Steelers News

John Mitchell Remains A Presence In New Role During Steelers’ Practices

Just as I suspected, Pittsburgh Steelers Assistant Head Coach John Mitchell will not go quietly into that corner office. In spite of the fact that 66-year-old had ‘Defensive Line Coach’ dropped from his dual title this offseason, transitioning to the aforementioned role, Joe Rutter confirmed that he remains on the perimeter of practice as an interested observer.

That’s not to say that he is on the field getting his hands in the dirt and showing rookies how to hit  the blocking sleds, but he does watch, and he converses with the other coaches, and I’m sure they’re not talking about how to make your own potpourri. They’re talking about what they’re seeing. He’s still a voice that gets heard on football matters.

You know you could always hear Coach Mitch”, Stephon Tuitt told Rutter for the Pittsburgh Tribune-Review during this week’s OTA practices in comparing Mitchell’s booming coaching voice to that of his new position coach. While he’s not audible, I noticed him actively watching practice and talking to the coaches during rookie minicamp from videos on the team’s website. That’s him over Marcus Allen‘s right shoulder standing near Keith Butler in the header image.

Mitchell was hired by the Steelers to coach their defensive linemen in 1994 and is the longest-tenured coach on the team by a comfortable margin. He coached the linemen from 1994 through the 2017 season, but the team hired Karl Dunbar to handle those duties for the 2018 season and beyond.

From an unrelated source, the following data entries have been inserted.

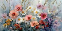 De compositie toont een harmonieuze mix van verschillende wilde bloemen verspreid over het hele beeldoppervlak. Witte margrieten met hun heldergele hart zetten frisse accenten tussen de kleurrijke klaprozen, terwijl paarse bloemen op de achtergrond een romantische diepte creëren. Gouden grassen weven op natuurlijke wijze door het tafereel en geven het een organische structuur.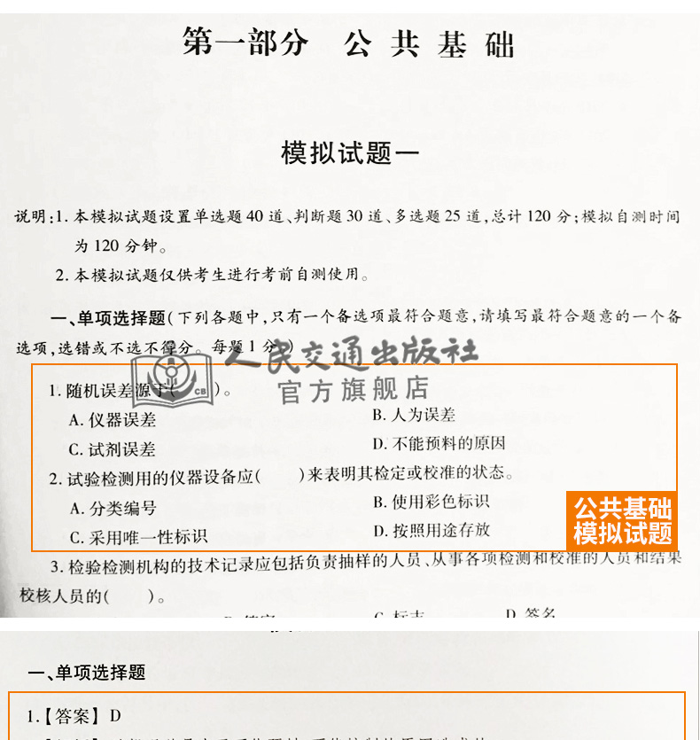 正版现货 2017职业资格考试辅导丛书 公路水运工程试验检测师考前冲刺模拟试题(公共基础+道路工程)2017公路水运 水运工程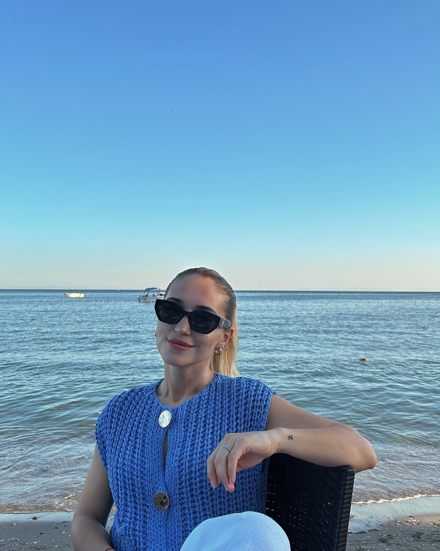 Gold buttons beauty top Blue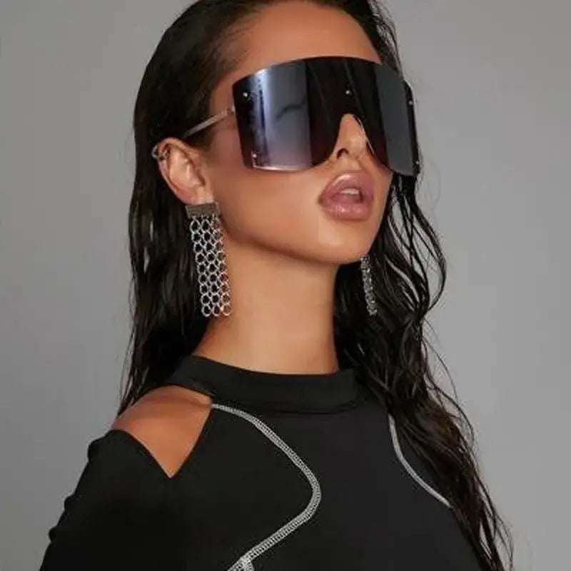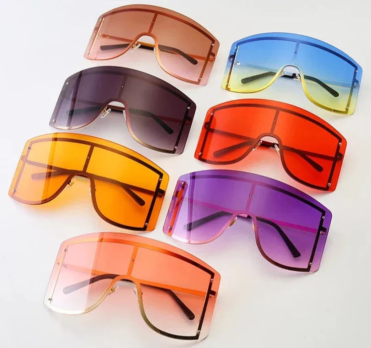 These And I'm Crazy Oversized Sunglasses have a stylish goggle frame constructed from strong alloy and feature lenses made with UV400 and polycarbonate materials for maximum sun protection and durability. Perfect for any outdoor activities.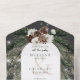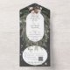 AVAILABLE WITH OR WITHOUT A QR CODE TO SCAN. This design features a rustic green pine and pinecone bouquet on a soft charcoal black background with white flowers. It is accented with a white sparkle overlay to illustrate the magic of the beautiful winter holidays. Perfect for a Christmas or winter wedding. Personalized All-In-One invitations are a unique combination of both a beautifully printed custom invitation with an easy to tear off perforated RSVP postcard. And they are so easy to use! You simply fold, then seal the back flap with the three included clear stickers, and mail. And when your guests receive your custom invite, they just tear the perforated RSVP Card off and drop it back in the mail to you!

Dunbar is, in fact, a player that Mitchell personally coached while he was at LSU. He even ended up being drafted by the Steelers in 1990, though Mitchell was still at LSU at the time. He would break into the NFL a year later with the Cleveland Browns.

This is not to take anything away from Dunbar, to be sure. I have no doubt that Mitchell will not be stepping on his successor’s toes. But I believed all along that he would be keeping himself active in some form or fashion in the on-field work, even if it is now as a spectator offering the occasional advice instead of the person who has to teach the fundamentals, run the drills, and organize strategies to help individual players improve.

He has quite frankly been doing this for too long, and too recently, for me to believe that he’s not going to have anything to say out there on the field watching practice. He still knows how to coach; that’s just not his job anymore.

I’m speculating at this point, but I’m inclined to assume that he and Dunbar do speak about defensive line techniques and strategies, and perhaps most valuable would be his direct first-hand knowledge of the players on the roster, whom, aside from Joshua Frazier, the new coach is just getting to know.

So if Mitchell is still out there on the practice field—though not necessarily directly coaching players—I do wonder how much of a presence he is going to remain throughout the offseason, and even into the season. He is still an assistant head coach, after all.